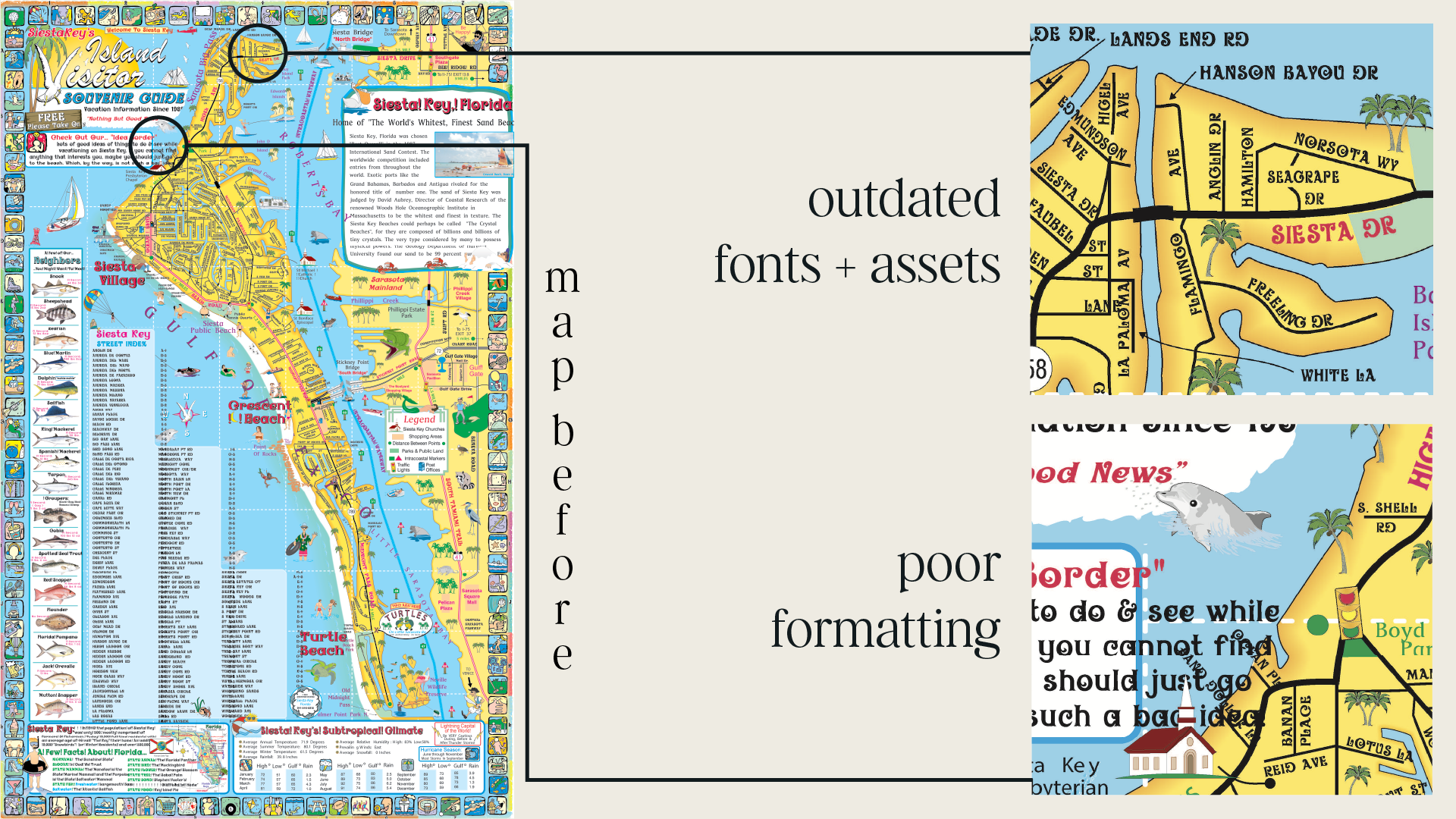 In early 2024, I was commissioned for a freelance project to completely redesign a map of Florida’s Siesta Key for a local news publication. The client requested updates to the typography, modifications to the iconography, and increased space for advertising. Due to the unavailability of the original design file, the project required innovative problem-solving. I utilized Illustrator for the primary design work and Photoshop for asset editing, resulting in a final deliverable that is clearer and meets the client’s requirements.In addition to the map redesign, I was also tasked with editing weekly video episodes for the publication’s YouTube podcast. I was provided all media assets, which I synthesized and refined to enhance video quality and ensure clear, balanced sound. This ongoing project has honed my ability to meet tight deadlines while maintaining consistent quality. Each episode demanded careful attention to detail and a cohesive visual style to align with the publication’s branding.
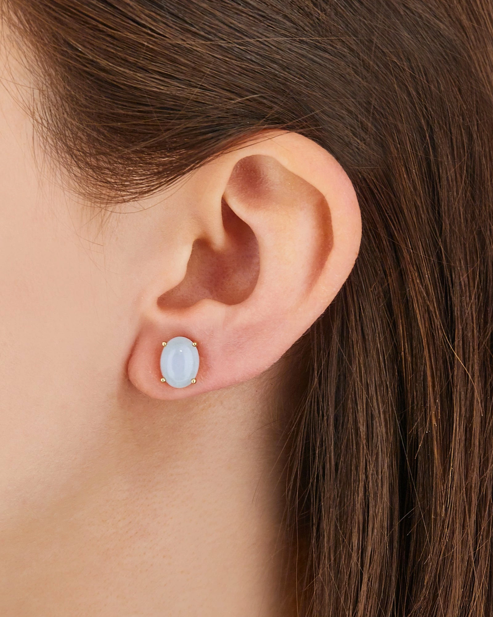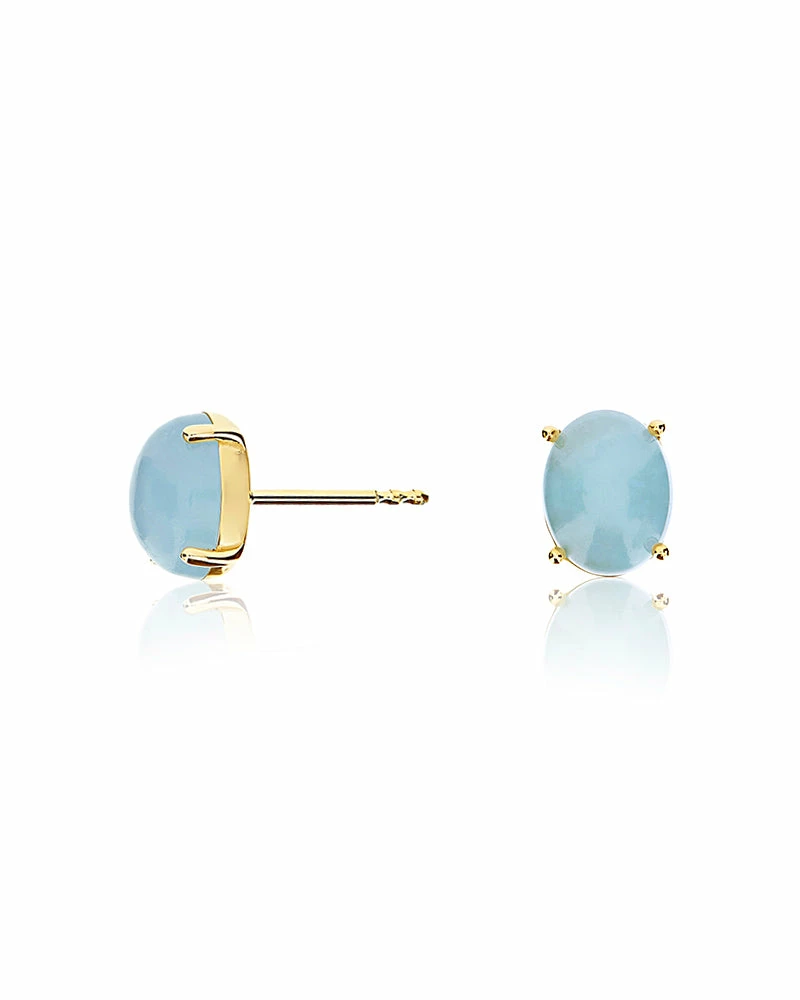 The elegance of the sea and its unique colors distinguish these handmade lobe earrings in 18kt gold and milky aquamarine, much loved by our designer Laura for its inner veining that makes each stone different and unique. A marine and delicate touch to your look!
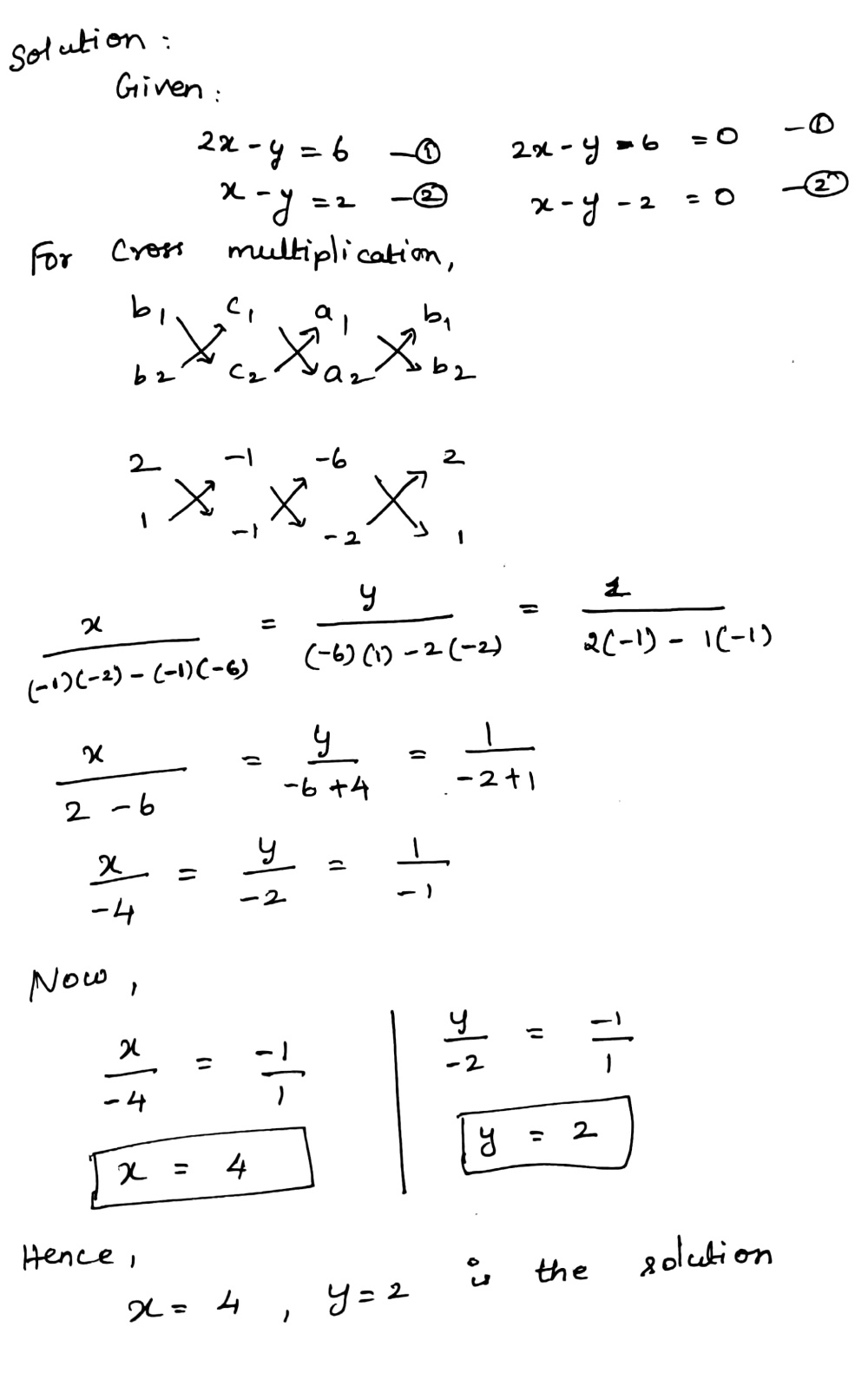 Solve Of The Following Pairs Of Linear Equations By Using Cross Multiplication Method 2x Y 6 X Y 2 Snapsolve
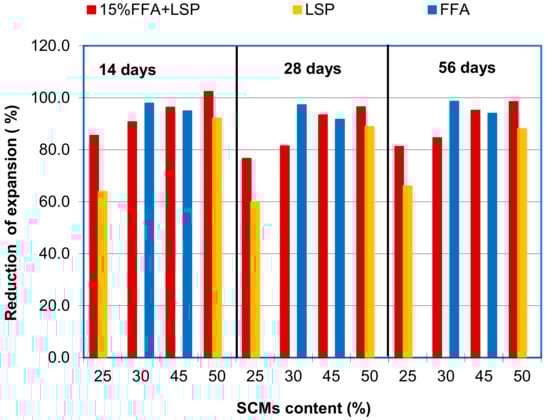 However, adding a relatively large amount of LSP to the ternary mixture (30% or more by mass of cementitious material) reduced expansion significantly: 56-day expansion values ranged from 0.06% to 0.02% as shown in Figure 11. Additionally, the mortar bar containing 15% FFA and 30% LSP has a higher reduction percentage (96.3%, 93.4%, and 95.2% at 14, 28, and 56 days) than 45% FFA specimen (94.9%, 91.7%, and 94.0% at 14, 28, and 56 days) regardless of age. The ternary mixture having the highest replacement level of LSP (15% FFA-35% LPS) produced the same result. This result indicates that there possibly exists a threshold beyond which the resistance mechanism becomes effective, and this threshold can be expected to vary from one FFA to another or one LSP to another.

..............................

_WORK REQUEST_:
Return the material in full and unaltered, minus its pictures.

_TASK RESPONSE_:
 In early 2024, I was commissioned for a freelance project to completely redesign a map of Florida’s Siesta Key for a local news publication. The client requested updates to the typography, modifications to the iconography, and increased space for advertising. Due to the unavailability of the original design file, the project required innovative problem-solving. I utilized Illustrator for the primary design work and Photoshop for asset editing, resulting in a final deliverable that is clearer and meets the client’s requirements.In addition to the map redesign, I was also tasked with editing weekly video episodes for the publication’s YouTube podcast. I was provided all media assets, which I synthesized and refined to enhance video quality and ensure clear, balanced sound. This ongoing project has honed my ability to meet tight deadlines while maintaining consistent quality. Each episode demanded careful attention to detail and a cohesive visual style to align with the publication’s branding.
 The elegance of the sea and its unique colors distinguish these handmade lobe earrings in 18kt gold and milky aquamarine, much loved by our designer Laura for its inner veining that makes each stone different and unique. A marine and delicate touch to your look!
 Solve Of The Following Pairs Of Linear Equations By Using Cross Multiplication Method 2x Y 6 X Y 2 Snapsolve
 However, adding a relatively large amount of LSP to the ternary mixture (30% or more by mass of cementitious material) reduced expansion significantly: 56-day expansion values ranged from 0.06% to 0.02% as shown in Figure 11. Additionally, the mortar bar containing 15% FFA and 30% LSP has a higher reduction percentage (96.3%, 93.4%, and 95.2% at 14, 28, and 56 days) than 45% FFA specimen (94.9%, 91.7%, and 94.0% at 14, 28, and 56 days) regardless of age. The ternary mixture having the highest replacement level of LSP (15% FFA-35% LPS) produced the same result. This result indicates that there possibly exists a threshold beyond which the resistance mechanism becomes effective, and this threshold can be expected to vary from one FFA to another or one LSP to another.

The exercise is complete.